Allahu Akbar!!! Trio Mujahid Jepara Eksekusi Murtadin Penghujat Islam

JEPARA (voa-islam.com) – Arogansi murtadin yang menabur penodaan agama menuai badai. Omega Suparno (42), seorang murtadin dari kota ukir Jepara tewas mengenaskan dieksekusi trio mujahid setelah terbukti melecehkan Islam secara provokatif.
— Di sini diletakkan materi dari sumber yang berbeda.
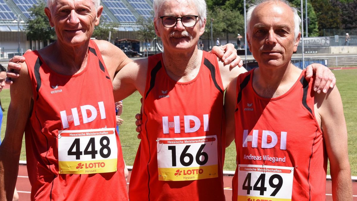 Marburg - Der Startgemeinschaft (StG) Baunatal-Borken gelang der einzige Sieg bei der Hessischen Staffel-Meisterschaft der Leichtathleten im Georg-Gassmann-Stadion in Marburg. In 10:58,58 Minuten umrundeten Gereon Bode sowie die Borkener Helmut Kleinmann und Hans-Joachim Schröder ( Foto) über 3mal 1000 Meter der Senioren M 60 das Stadion-Oval und verbesserten mit dieser Zeit den neun Jahre alten Kreisrekord des TSV Obervorschütz um mehr als fünf Sekunden. Zudem wurde diese Zeit im DLV in dieser Saison noch von keinem Trio erreicht.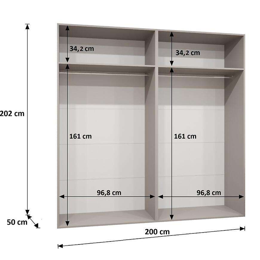 Wymiary – szerokość 200 cm, wysokość 202 cm i głębokość 52 cm – oferują dużą przestrzeń do przechowywania odzieży, tekstyliów i innych elementów wyposażenia. Model bez lustra, z klasycznymi drzwiami uchylnymi, zapewnia wygodny dostęp do wnętrza i komfortowe uporządkowanie rzeczy.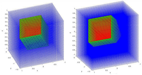 Step 3. Denote the fluid mesh as and the embedded wetted mesh as . in these configurations is a Cartesian structured mesh, but it could be any type, structured or unstructured. For each cell center , an axis-aligned bounding box is constructed, connecting its neighboring cell centers as vertices. Also, for each triangle of the embedded wetted mesh, an axis-aligned bounding box is constructed which is the smallest box that can enclose the triangle.

Meski terancam hukuman mati oleh hukum thaghut, trio mujahid Jepara tak gentar di jalan Allah.

Murtadin naas warga desa Mayong Kidul, Mayong Jepara Jateng ini dieksekusi setelah melakukan penodaan agama terhadap mujahidin dengan melecehkan Al-Qur'an, Allah SWT, Nabi Muhammad dan Syariat Islam. Sedangkan trio mujahid Jepara yang mengeksekusi murtadin calon pendeta itu adalah Ustadz Amir Mahmud (29), Sony Sudarsono (29), dan Agus Suprapto (31).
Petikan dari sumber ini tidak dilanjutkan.